Cracking the code to smart growth in Mesa, AZ


A vision for creating complete neighborhoods in downtown Mesa, AZ. Image from “Form-Based Code: Workshop Summary Presentation” via the City of Mesa.

Downtown Mesa, Arizona is already great a destination to go out to lunch or to shop. Now, the Mesa City Council is working to make downtown not just a destination but a neighborhood – and they’re using innovative zoning strategies to help make it happen.

“Walkable neighborhoods don’t just happen by chance,” said Mesa Councilmember Dave Richins. “Your design standards need enable people to build using smart growth principles.”

Richins, a board member of Smart Growth America’s coalition partner The Sonoran Institute, is part of the team working to make Mesa’s neighborhoods walkable and economically resilient by improving zoning codes. Their approach, called “form-based code,” focuses on how buildings function and interact with the street and community, rather than their use.

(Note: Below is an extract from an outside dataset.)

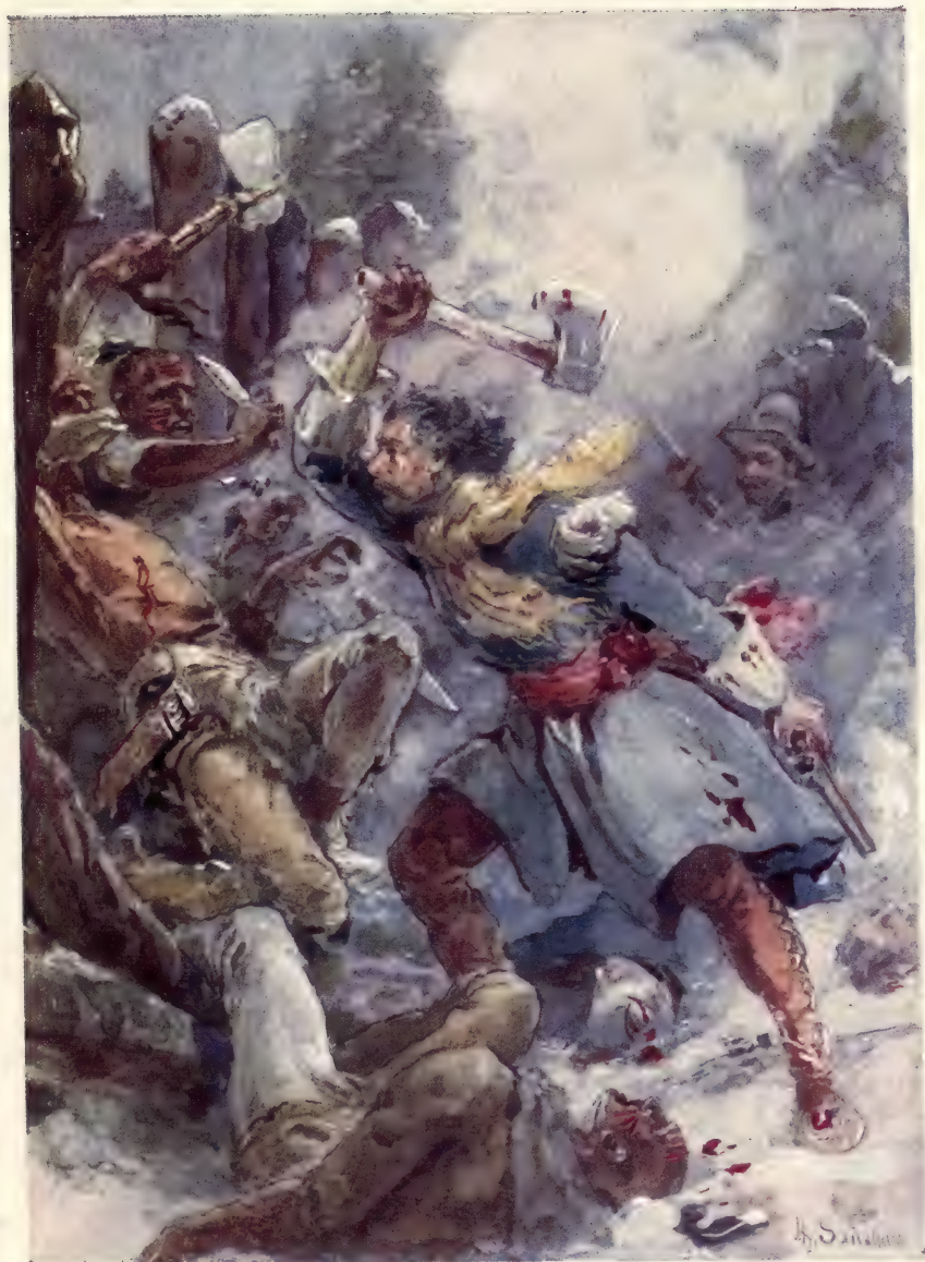
Dollard strikes his Last Blow, 1658

“Form-based code regulates how buildings look within a hierarchy of uses,” Richins explained. “If you want more activity, your regulating plan empowers more density or use. As you move away, you start allowing for less and less intensive uses.”

These zoning changes will allow developers to build a wider variety of homes and buildings in downtown Mesa, turning an already thriving daytime shopping district into a bonafide neighborhood.

“Smart growth is about choice, and we need to provide smart growth choices in the market,” he says, noting the influx of demand for more walkable and transit-oriented housing options. “With retail at about 85 percent capacity, downtown Mesa is in pretty good shape. But we need additional housing units to promote density to make sure the vibe is sustainable. That’s when you get your barber shops, breakfast places, lunch places filled up throughout the day.”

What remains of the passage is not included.